We may want to keep part of ourselves from getting wet….we may not want to give our whole selves up to being plunged into the water….but all of who we are, all of who we were created to be is God’s creation….is God’s. And because of that, we can take comfort knowing that God is with us through it all.
All this talk about water is because today is the day we remember Jesus’ baptism….and as we hear about it…we are reminded of our own baptism. A reminder that we have been baptized, anointed with the Spirit…and that we, like Jesus, will encounter evil and temptation in the world around us.
Yet in the midst of it, we know that we have a “beloved” and “well-pleasing” relationship with God. It is a relationship that God created with us, through the waters of baptism and the work of the Spirit. Try as we might, we cannot sever this relationship because it began with God loving us.

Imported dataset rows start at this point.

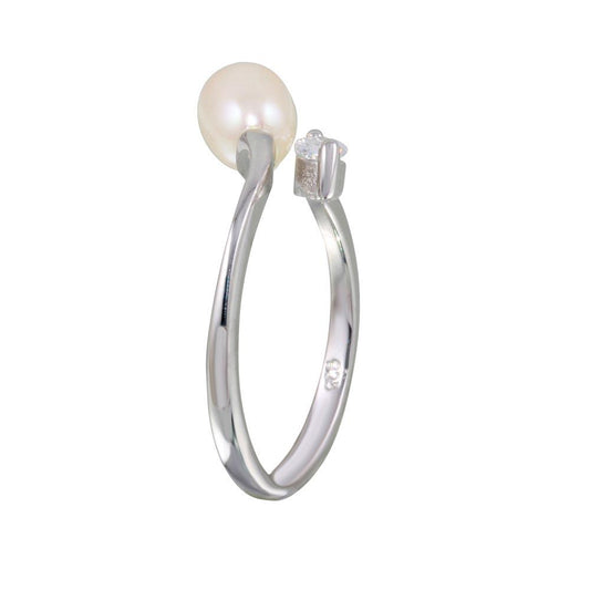 Silver 925 Rhodium Plated Ring with Pearl and CZ - BGR01129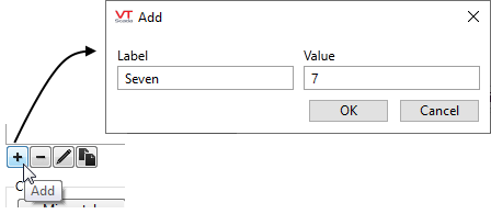 Use the tools below the list to create or edit the values and labels. You can also double-click an entry to open it for editing. When creating a list of similar values, you may find it easier to copy and edit entries than to create each individually.
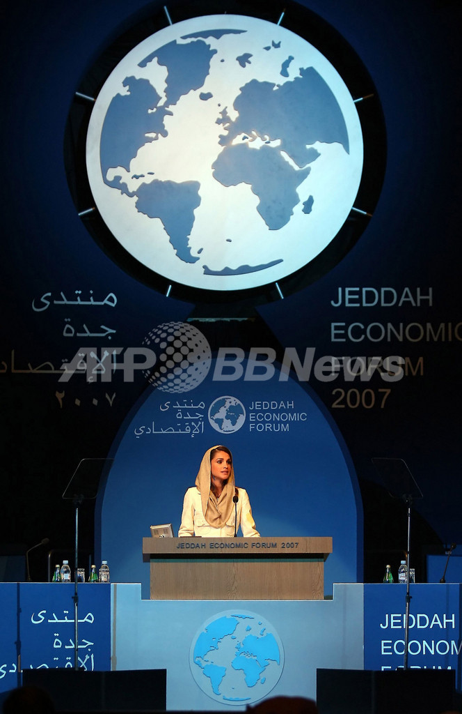 【ジッダ/サウジアラビア 26日 AFP】紅海沿岸の都市ジッダ(Jeddah)で25日、ジッダ経済フォーラム(Jeddah Economic Forum)が開かれた。同フォーラムは「中東のシンクタンク」を提唱し、1999年の初開催以来毎年開催されている。主催国サウジアラビアを始め各国から政治、経済、社会各界の要人が集い、基調講演と討論を行う。写真は25日、講演するヨルダンのラニア王妃(Queen Rania al-Abdullah)。(c)AFP/HASSAN AMMAR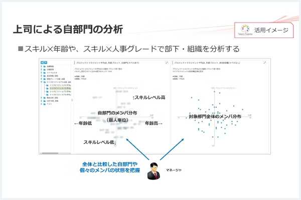 合わせて、上司は自部門のメンバーがスキルと年齢、スキルと人事グレードの分布図においてどこに位置しているか、会社全体と比較するとどうかを見ることも可能です。

Being in relationship with God comes with some responsibility though, doesn’t it. It doesn’t mean we need to do things to be in God’s good graces, or to earn God’s love. But out of this deep and unconditional love that God has for us, we hear and fulfill the mission God sends before us, to live up to the confidence God has placed on us. No pressure, right?
God created us, knows us and claims us for who we are. In that we can do our best to see God’s work done in the world around us. Because of God’s love for us, we can let the waters completely get us wet….and give all of ourselves to the work of God in our homes, in our church, in our community and in our world.
The waters of baptism have washed over us all…we have been called by name. The challenge for us is letting people know of our baptism…through our words and actions in response to a hurting, aching world.
May God continue to bless all of our journeys as we continue blessed and nourished in this Christian community and may we go forward, ready to get wet and live out our baptismal promises.
And now may the peace, which passes all understanding, keep our hearts and minds in Christ Jesus and let all God’s people say amen.